By Luke Geiver | July 02, 2012

A biorefining-focused collaboration between two Denmark universities has created a plan to increase the amount of available biomass in the region through a report titled, “The Ten-Million-Tonne Plan.” Because the region is interested in establishing a biorefining sector to replace everything from fuels to chemicals, the team of researchers from the University of Copenhagen and Aarhus University has outlined a series of steps to increase usable biomass by 200 percent.

“It sounds too good to be true,” said Morten Gyling, senior adviser at University of Copenhagen, “but it is quite realistic.” By 2020, the research team believes the region can produce an extra 10 million metric tons of biomass without affecting the production of food or feed. To accomplish that, the research team proposes the following steps:

-Increase the recovery of straw from fields by 15 percent through harvesting machinery improvements.

-Convert cropping systems to longer growing, perennial based crops such as willow or grass to double crop yields per hectare. Doing so, the researchers said, will also reduce nitrate leaching.
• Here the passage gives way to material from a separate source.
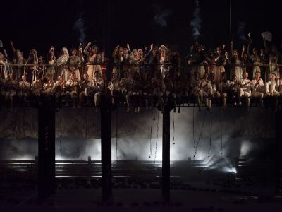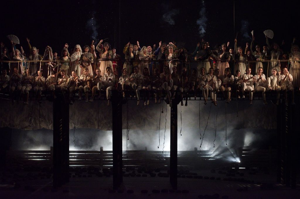 В этом нарочито лишённом красивости, почти целиком песочно-белом спектакле с редкими вкраплениями серого и черного — своя поэзия, кое-где ненавязчиво перекликающаяся с итальянским неореализмом. Но только иногда. По подробностям быта, по чертам характеров все происходит, наверное, где-то на границе Испании и Франции, в середине ХХ столетия. Микаэла прикатывает из своей деревни к Хосе на велосипеде, дерущихся девиц с табачной фабрики разнимают струей воды из шланга, торреро (в обычном современном костюме) заботливо защищают от дождя зонтами очень знакомые зрителю крепкие парни.

-Increase forest growth by implementing faster growing trees

-Harvest biomass from road verges (parking strip) and lowland meadows.
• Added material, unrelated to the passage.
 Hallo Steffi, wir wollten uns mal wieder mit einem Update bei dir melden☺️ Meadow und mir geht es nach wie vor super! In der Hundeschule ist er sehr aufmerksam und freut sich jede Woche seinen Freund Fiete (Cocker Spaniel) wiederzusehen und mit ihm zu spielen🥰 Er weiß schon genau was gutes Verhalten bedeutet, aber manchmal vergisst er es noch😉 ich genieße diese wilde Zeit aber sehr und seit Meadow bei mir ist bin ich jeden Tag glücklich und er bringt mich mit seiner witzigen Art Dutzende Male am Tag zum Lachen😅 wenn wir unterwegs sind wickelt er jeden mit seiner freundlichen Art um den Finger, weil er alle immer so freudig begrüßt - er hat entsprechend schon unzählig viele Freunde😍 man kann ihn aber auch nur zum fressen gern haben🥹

-Better utilization of livestock waste

By implementing those steps to create 10 million more metric tons of biomass, Claus Felby, professor at University of Copenhagen, said the Danish biorefinery sector would create 20,000 new jobs. But that’s not all. That amount of biomass, “actually corresponds to 20 percent of our current consumption of natural gas and to 30-50 percent of our consumption of petroleum and diesel,” Felby said. “To this should be added a significantly higher feed production that to a large extent will be able to replace what we currently import from countries such as South America.”

Dong Energy is also working with the research teams. The researchers will provide more information on their work during a presentation at Aarhus University in September.